The FDA approval of finerenone was based on the positive results of the pivotal Phase III FIDELIO-DKD study, which was presented at the American Society of Nephrology’s (ASN) Kidney Week Reimagined 2020 and simultaneously published in the New England Journal of Medicine in October 2020, and follows the FDA’s Priority Review designation in January 2021.
The FIDELIO-DKD Phase III trial is the first large contemporary positive outcomes study in patients with Chronic Kidney Disease and Type 2 Diabetes with a primary composite endpoint consisting solely of kidney-specific outcomes. It is also a component of the largest global Phase III clinical trial program in CKD and T2D to date.
Finerenone has also been submitted for marketing authorization in the European Union (EU), China, and a number of other countries around the world, and these applications are currently being reviewed.

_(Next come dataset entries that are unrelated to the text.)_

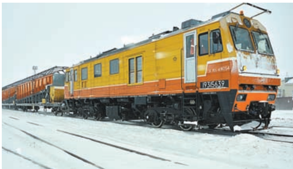
Снегоочистительная машина ПСС-1К обеспечивает бесперебойность работы железной дороги в зимний период.
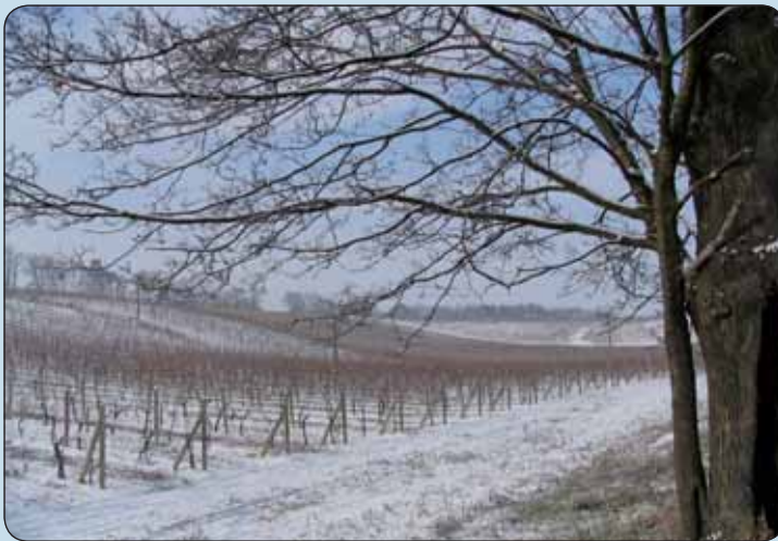
Vinohrady tvoria jeden z hlavných prvkov súčasnej krajinej štruktúry

formujúcich jednotlivé územia. Tento cieľ možno zabezpečiť podobne ako predchádzajúci najmä ekologizáciou a humanizáciou nadstavbovej sféry, najmä súčinnosťou ekonomických, legislatívnych nástrojov a humanizáciou spoločenského vedomia; ochrana proti prejavu prírodných rizík a hazardov – snahou tohto cieľa je ochrana pred povodňami, suchom spojeným s nadmerným odtokom vody z povodia, ochrana voči prejavu geodynamických procesov
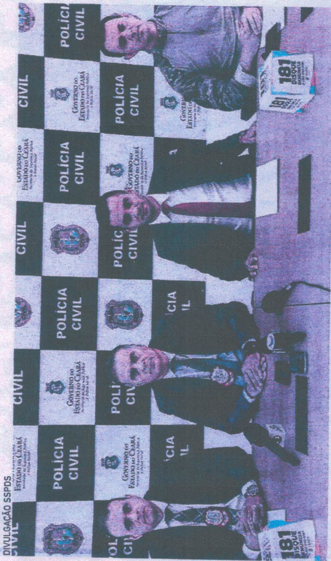
DELEGADOS durante coletiva para falar sobre a prisão do suspeito

seus familiares, e o agente de segurança, foi citado pelo mandante como parente de um morador da cidade. O inspetor, que era lotado no Departamento de Homicídios, estava de férias do trabalho e resolveu ver seus parentes em
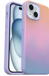
Soft Sunset 77-93399 (Retail) 840304737628
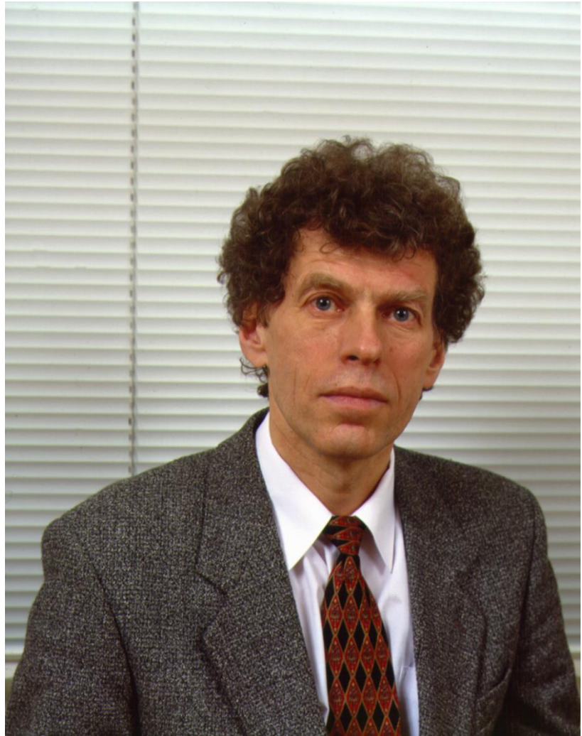
Вячеслав Васильевич Никонов
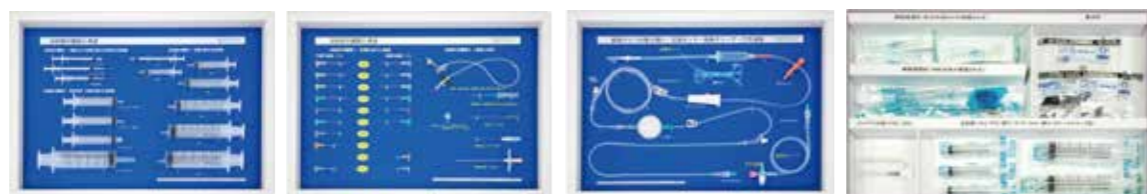
No.1 シリンジの種類と名称 No.2 注射針の種類と用途 No.3 輸液ラインの取り扱い方 No.4 注射針 性能を確認できるセット

MY-5 12022-500 ¥121,000 (税別¥110,000) 臨床で使用されている注射器や注射針、輸液ライン等の器具を実習時の事前学習用にセットしました。

Bylvay (odevixibat) is the first drug approved in the United States for Pruritus treatment in all subtypes of Progressive Familial Intrahepatic Cholestasis (PFIC). Bylvay is a non-systemic, once-daily ileal bile acid transport inhibitor that acts locally in the small intestine.
Bylvay manufactured by Albireo Pharma received FDA approval in July. The FDA approval of Bylvay was supported by data from PEDFIC 1 and PEDFIC 2, the largest, global, Phase 3 trials ever conducted in PFIC. Bylvay met both its primary endpoints of pruritus (p=0.004) and serum bile acid (p=0.003) in PEDFIC 1, a randomized, double-blind, placebo-controlled study, and was well tolerated, with a very low incidence of diarrhea/frequent bowel movements (9.5 percent of treated patients vs. 5.0 percent of placebo patients). PEDFIC 2, a long-term, open-label Phase 3 extension study, found that Bylvay delivered sustained reductions in serum bile acids as well as improvements in pruritus assessments, growth, and other liver function markers in patients treated for up to 48 weeks. Bylvay was well tolerated in both studies, with diarrhea/frequent stools being the most common treatment-related gastrointestinal adverse events. There were no serious side effects associated with the treatment.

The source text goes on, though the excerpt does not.